DATA UNDER STUDY Start Marker
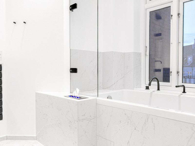 Mange tak for den flotte anmeldelse. Den er utrolig vigtig for os, den er meget værdsat. Jeg ved at der var flere forskellige firmaer indover jeres renoverings projekt til at starte med. Vi er stolte af at I valgte at gå med La carta. Jeg synes at vi fra dag 1 af, har haft en rigtig fin dialog, både fra jeres og vores side. Vi har fra start af ønsket at lave det bedste resultat for jer, jeg synes valget af materialerne er rigtig godt. Valget omkring fliserne er utrolig smukke. Det kræver altid lidt at lave fliser i 120x260, specielt når det er på 3. sal ;)
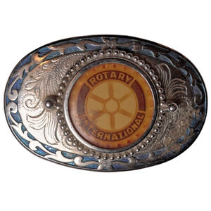 VTG Rotary International Belt Buckles Western Ornate Collectible Oval Centerpice
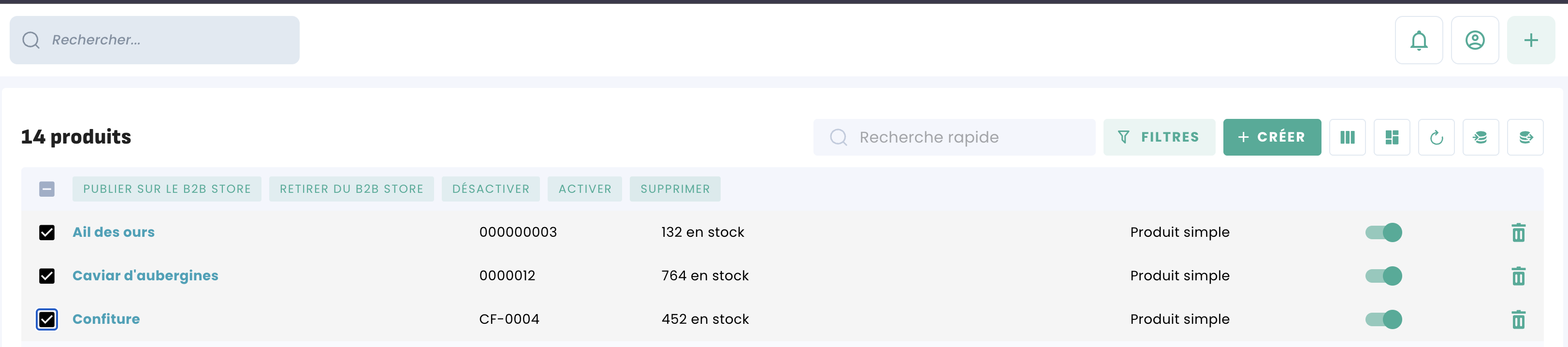 Ceci est la liste de vos produits. Visualisez ou éditez la fiche d’un produit en cliquant sur le nom du produit.
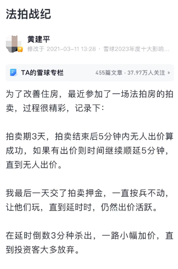 2021年3月11日,黄建平发了一篇《法拍战纪》的帖子来讲述自己是如何在法拍房拍卖过程中,使出绝招逼退一众投资客,用良好的心理素质击退其他对手的。
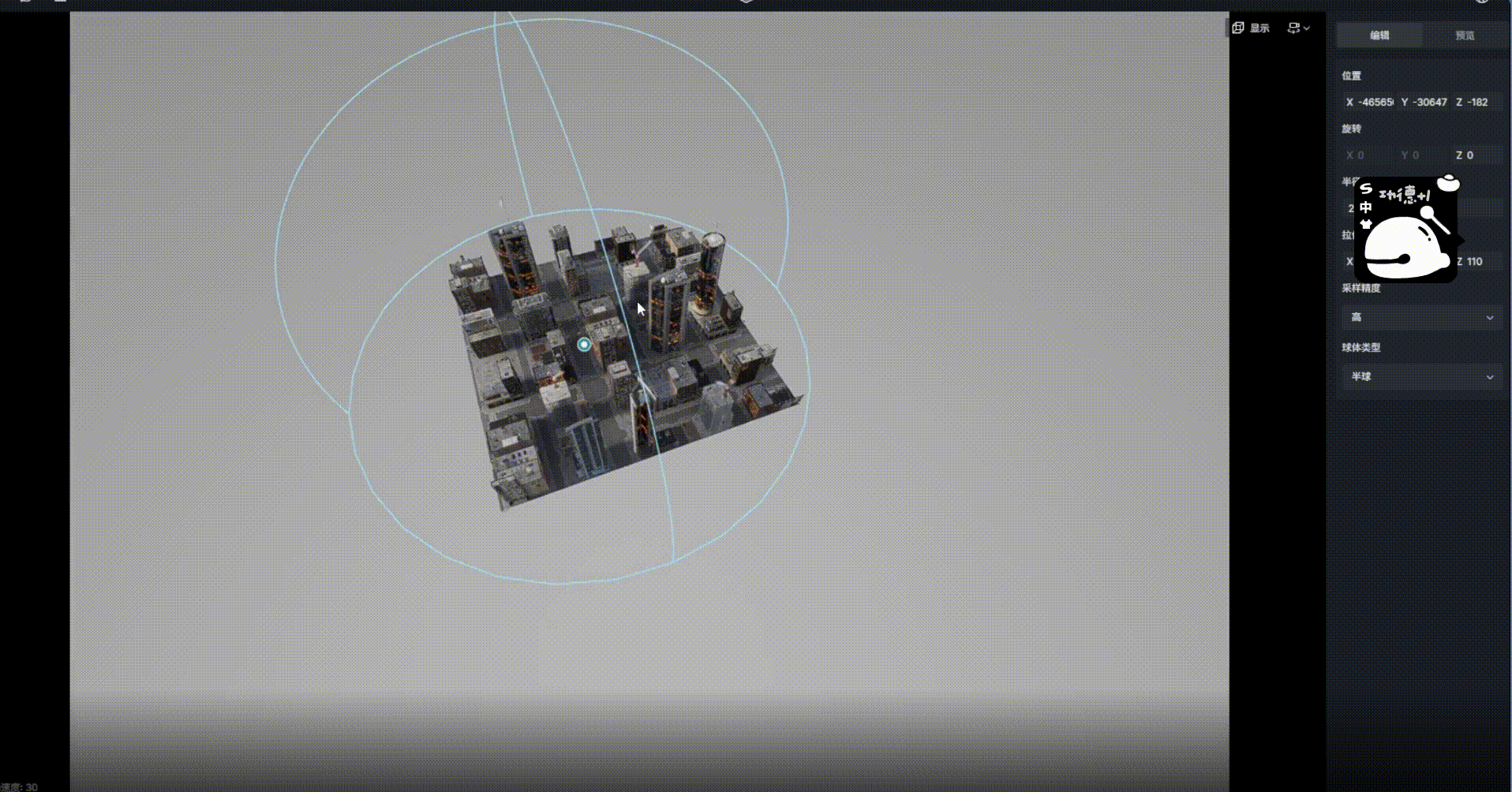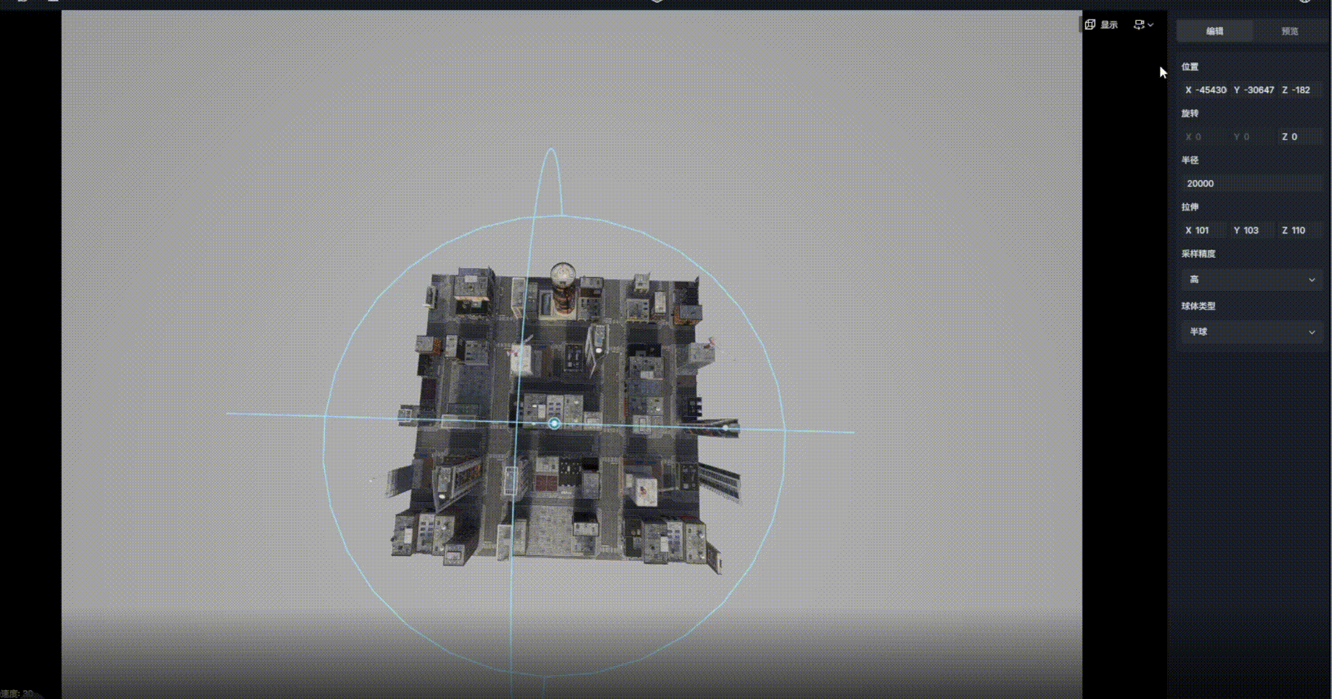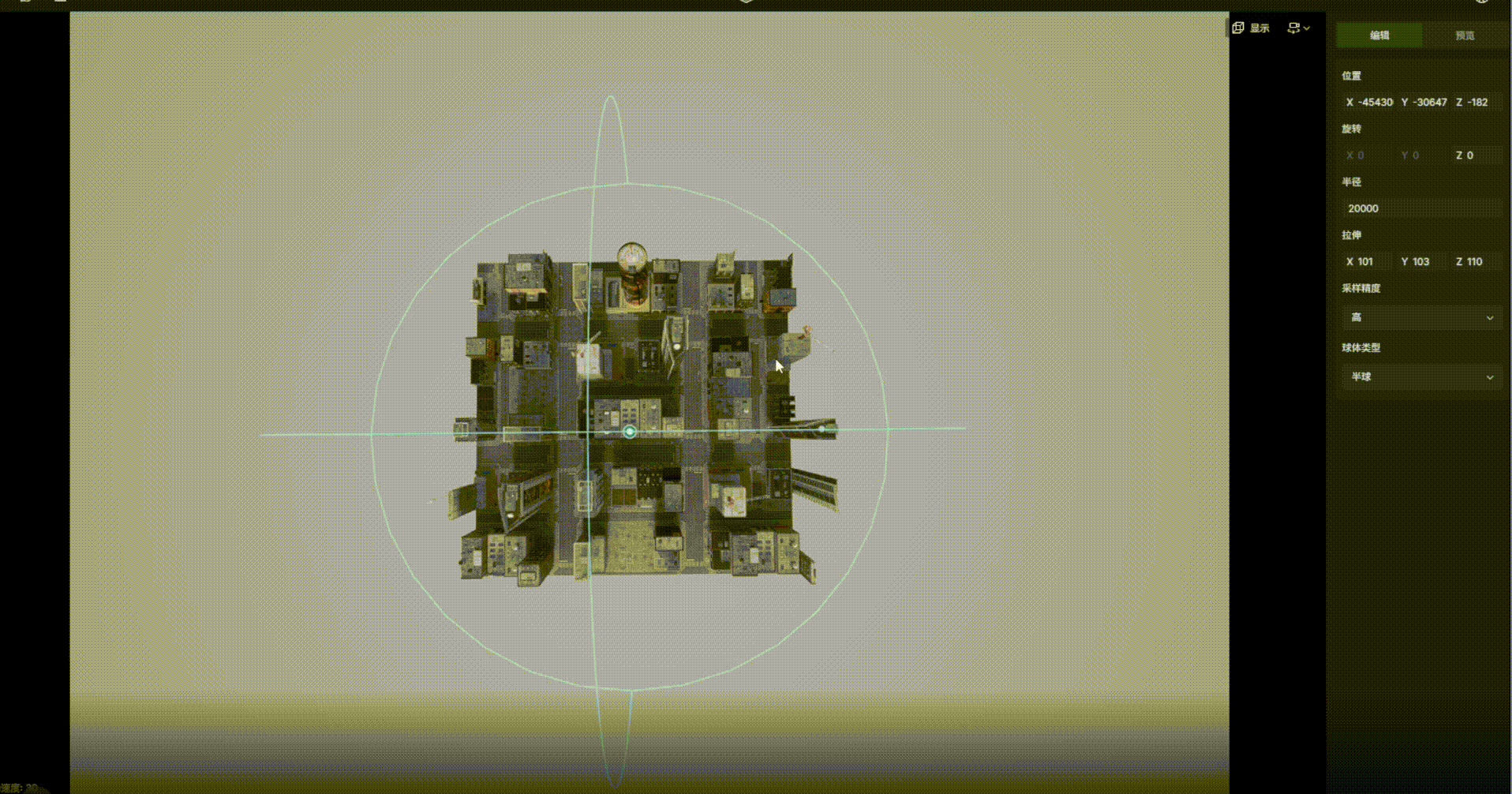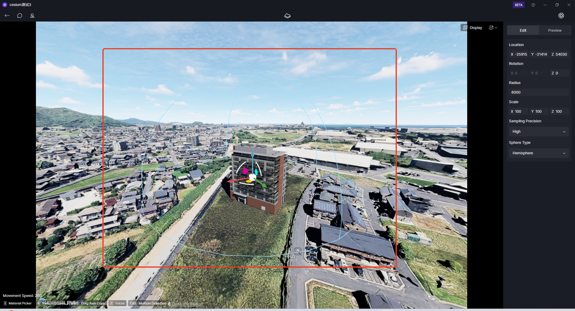 2. 选择半球形相机矩阵模板的中心,并通过gizmos组件调整合适的位置
DATA UNDER STUDY End Marker
- [YOUR INSTRUCTIONS]: Leave the images behind and write out every entry exactly.

- [RESULT BELOW]:
 Mange tak for den flotte anmeldelse. Den er utrolig vigtig for os, den er meget værdsat. Jeg ved at der var flere forskellige firmaer indover jeres renoverings projekt til at starte med. Vi er stolte af at I valgte at gå med La carta. Jeg synes at vi fra dag 1 af, har haft en rigtig fin dialog, både fra jeres og vores side. Vi har fra start af ønsket at lave det bedste resultat for jer, jeg synes valget af materialerne er rigtig godt. Valget omkring fliserne er utrolig smukke. Det kræver altid lidt at lave fliser i 120x260, specielt når det er på 3. sal ;)
 VTG Rotary International Belt Buckles Western Ornate Collectible Oval Centerpice
 Ceci est la liste de vos produits. Visualisez ou éditez la fiche d’un produit en cliquant sur le nom du produit.
 2021年3月11日,黄建平发了一篇《法拍战纪》的帖子来讲述自己是如何在法拍房拍卖过程中,使出绝招逼退一众投资客,用良好的心理素质击退其他对手的。
 2. 选择半球形相机矩阵模板的中心,并通过gizmos组件调整合适的位置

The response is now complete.